Objective: To review the emergency department management of children with aseptic meningitis and compare the clinical features, laboratory findings, and short-term follow-up of those who were hospitalized or discharged to determine guidelines for discharge.
Design: Retrospective chart review study.
Setting: Emergency department of an inner-city teaching, level III, children's hospital during an outbreak of aseptic meningitis from, March through December 1993.
Methods: The medical records of children < or = 18 years of age diagnosed in the emergency department with aseptic meningitis after lumbar puncture were retrospectively reviewed and analyzed. Thirty-four parameters were recorded for each child including demographic (2), epidemiologic (5), clinical (2), laboratory (10), and short-term follow-up data (5).

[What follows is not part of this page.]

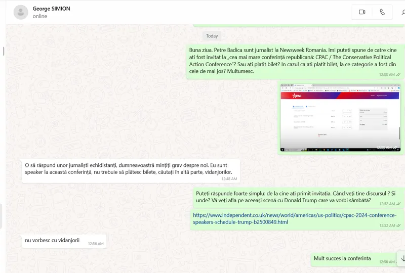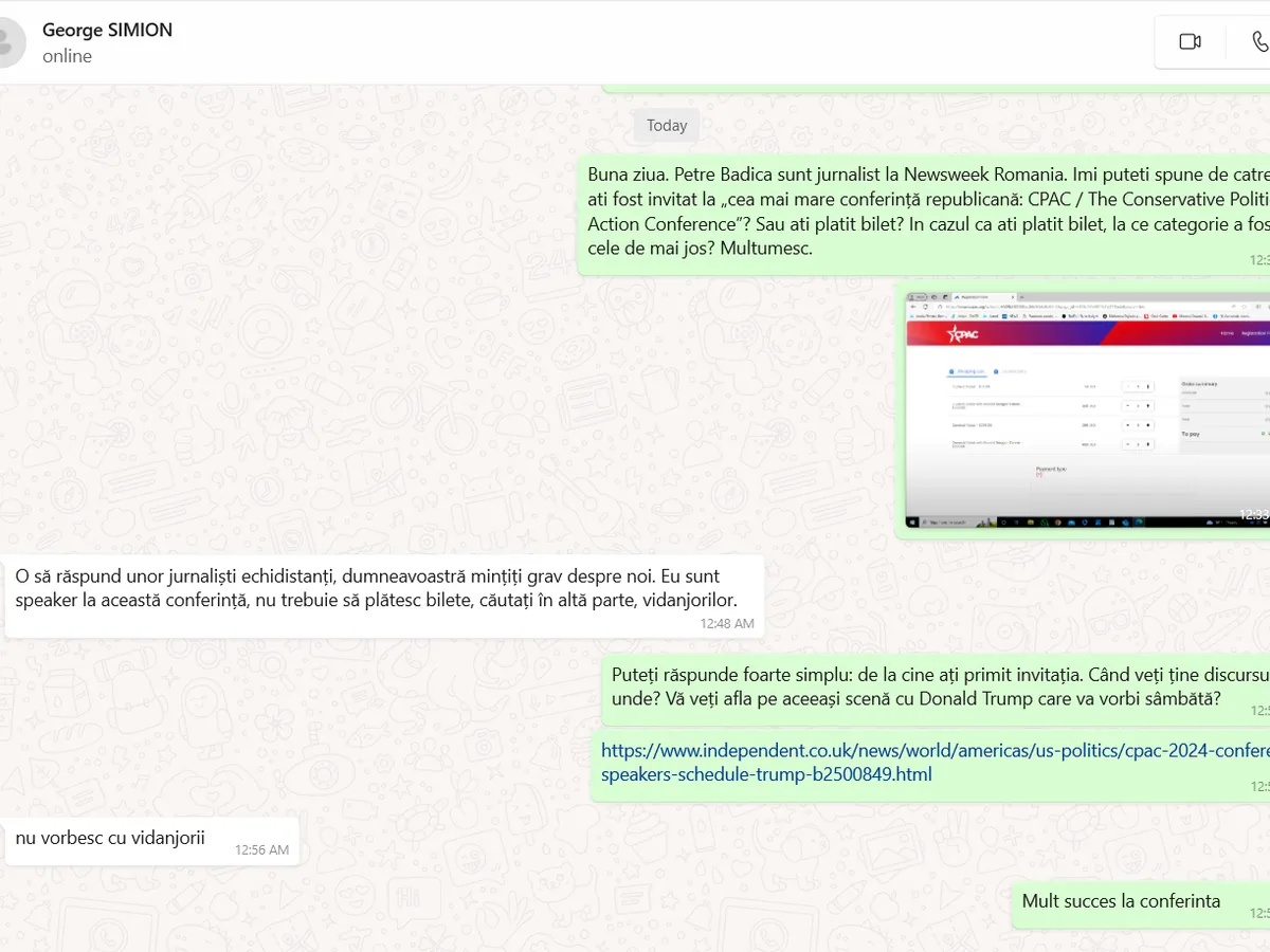 Newsweek: Buna ziua. Petre Badică sunt, jurnalist la Newsweek Romania. Îmi puteți spune de către cine ați fost invitat la „cea mai mare conferință republicană: CPAC / The Conservative Political Action Conference”? Sau ați plătit bilet? În cazul în care ați plătit bilet, la ce categorie a fost? Mulțumesc.

Results: Of the 158 eligible patients, 99 (62.7%) were hospitalized, and 59 (37.3%) were discharged. Compared to the hospitalized group, children who were discharged were significantly older (5.7 years vs. 4.7 years, P < 0.05) and experienced a more benign course, with lower rates of headache (54.7 vs. 85.7%, P < 0.05), vomiting (38.2 vs. 69.7%, P < 0.05), and irritability (1.8 vs. 8.1%, P < 0.05). They also had significantly (P < 0.05) lower mean peripheral and cerebrospinal fluid leukocyte counts (13,233 vs. 11,498/mm3 and 293.91 vs. 105.29/mm3, respectively). Interestingly, 30 (50.8%) of children in the discharged group had over 50% polymorphonuclears in their cerebrospinal fluid (CSF) cell count. The hospitalization rate during the day was significantly (P < 0.05) lower than that for the evening and night shifts (51.5 vs. 66.7%, respectively). In the discharged group, symptoms of headache, fever, and vomiting resolved after an average of 3.05 days, 2.25 days, and 1.3 days, respectively. The average hospitalization time was 3.5 days. There were no significant complications in either group. More important, in neither group were there any misdiagnoses of bacterial meningitis as aseptic meningitis. During the study period, the ambulatory management of the 59 patients cost $51,625 less than the hospitalization of an equal number of children.
Conclusion: It is feasible, clinically safe and less costly to treat a subgroup of children with aseptic meningitis in an ambulatory setting. Although absolute criteria for ambulatory follow-up could not be defined, age >1 year, a nontoxic clinical appearance, normal white blood cell count, mild cerebrospinal fluid pleocytosis (even with a high percentage of polymorphonuclear cells), negative CSF Gram stain, and a reliable family setting could serve as guidelines for decision-making regarding emergency department discharge. Further prospective research is needed to better specify these criteria.